# [EXERCISE GOAL]
From the line containing "E para quem" to the end of the data, retype every line exactly and nothing else. Drop the pictures.

# [MATERIAL PROVIDED]
* * *

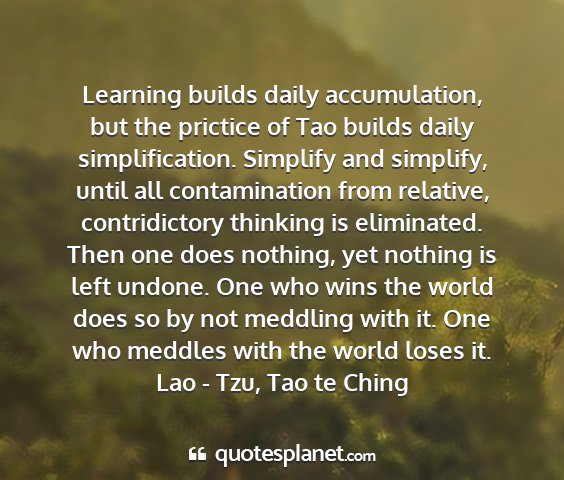 Learning builds daily accumulation, but the prictice of Tao builds daily simplification. Simplify and simplify, until all contamination from relative, contridictory thinking is eliminated. Then one does nothing, yet nothing is left undone. One who wins the world does so by not meddling with it. One who meddles with the world loses it.Lao - Tzu, Tao te Ching
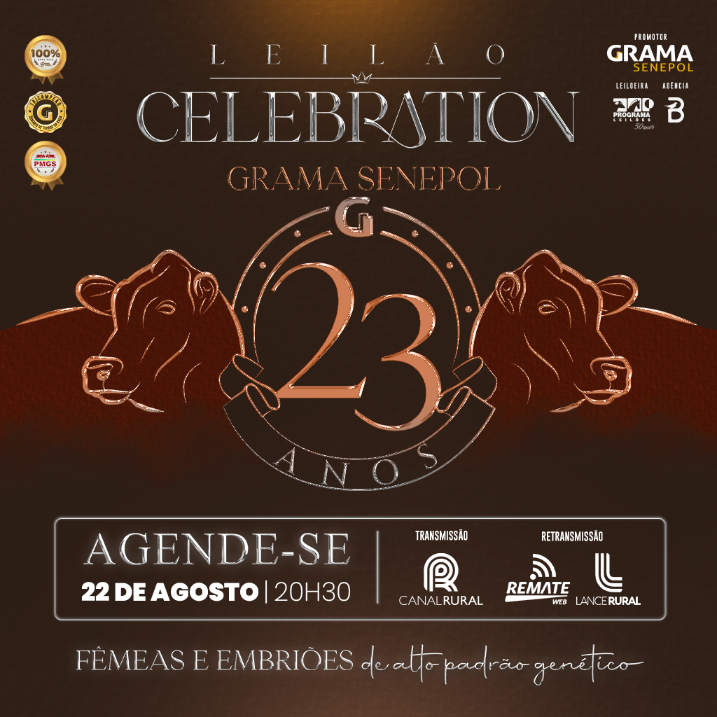 E para quem acabou perdendo tal oportunidade, ainda pode aproveitar o próximo leilão Grama Senepol que acontecerá no dia 22 de agosto, a partir das 20h30, pelo Canal Rural, com retransmissão pela Remate Web e Lance Rural. O Leilão Celebration ofertará fêmeas e embriões de altíssimo padrão genético. Não perca essa oportunidade!
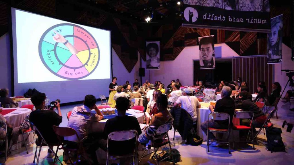 tiny revolutions adalah sebuah proyek partisipatoris yang bertujuan untuk mengembangkan iklim perlawanan kreatif dalam menanggapi tantangan global paling besar yang dihadapi masyarakat saat ini. mulai dari krisis iklim hingga kemajuan teknologi yang pesat, hak-hak minoritas hingga patriarki, ‘tiny revolutions’ bertujuan untuk mengambil skala besar dan kegelisahan dari isu-isu ini dan mengubahnya menjadi aksi-aksi kecil yang memiliki dampak sosial yang besar. tiny revolutions didasarkan pada millennium project 15 global challenges. the millennium project telah mengidentifikasi 15 tantangan global bagi umat manusia, dan memiliki berbagai cara yang berbeda untuk merespons dan memberikan perhatian pada setiap tantangan tersebut. pada bulan juli dan agustus 2025, di bawah bayang-bayang kegelapan, para revolusioner lokal indonesia akan berkumpul di jogjakarta dan jakarta untuk membongkar karya-karya publik lokal yang membuat masyarakat terjaga di malam hari. bersama para penonton dan seniman lokal, mereka akan berdiskusi, berembuk, dan menyusun ide-ide yang bertujuan untuk mengubah dunia – satu revolusi kecil dalam satu waktu.
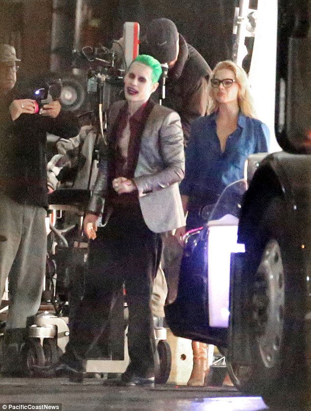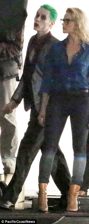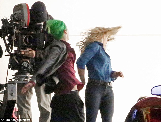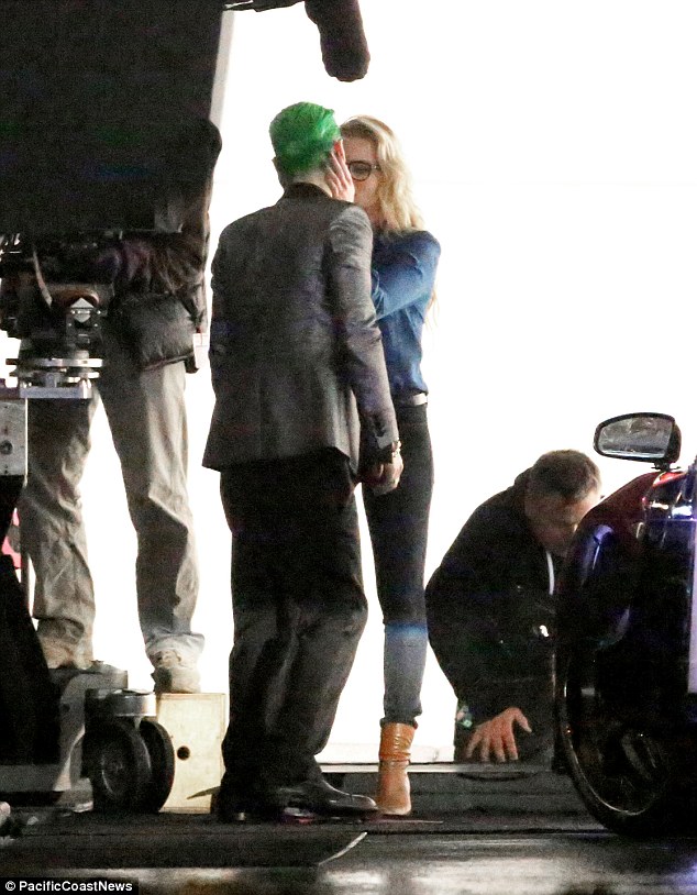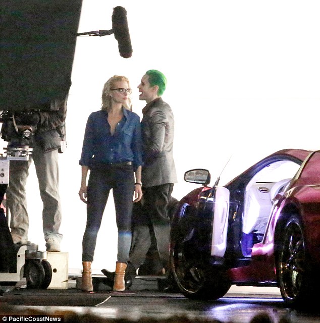 Kiss Or Kill? Margot Robbie is savagely hit by Jared Leto's The Joker before pair share a passionate embrace as they film new scenes for Suicide Squad

* * *

# [RESPONSE]
 E para quem acabou perdendo tal oportunidade, ainda pode aproveitar o próximo leilão Grama Senepol que acontecerá no dia 22 de agosto, a partir das 20h30, pelo Canal Rural, com retransmissão pela Remate Web e Lance Rural. O Leilão Celebration ofertará fêmeas e embriões de altíssimo padrão genético. Não perca essa oportunidade!
 tiny revolutions adalah sebuah proyek partisipatoris yang bertujuan untuk mengembangkan iklim perlawanan kreatif dalam menanggapi tantangan global paling besar yang dihadapi masyarakat saat ini. mulai dari krisis iklim hingga kemajuan teknologi yang pesat, hak-hak minoritas hingga patriarki, ‘tiny revolutions’ bertujuan untuk mengambil skala besar dan kegelisahan dari isu-isu ini dan mengubahnya menjadi aksi-aksi kecil yang memiliki dampak sosial yang besar. tiny revolutions didasarkan pada millennium project 15 global challenges. the millennium project telah mengidentifikasi 15 tantangan global bagi umat manusia, dan memiliki berbagai cara yang berbeda untuk merespons dan memberikan perhatian pada setiap tantangan tersebut. pada bulan juli dan agustus 2025, di bawah bayang-bayang kegelapan, para revolusioner lokal indonesia akan berkumpul di jogjakarta dan jakarta untuk membongkar karya-karya publik lokal yang membuat masyarakat terjaga di malam hari. bersama para penonton dan seniman lokal, mereka akan berdiskusi, berembuk, dan menyusun ide-ide yang bertujuan untuk mengubah dunia – satu revolusi kecil dalam satu waktu.
 Kiss Or Kill? Margot Robbie is savagely hit by Jared Leto's The Joker before pair share a passionate embrace as they film new scenes for Suicide Squad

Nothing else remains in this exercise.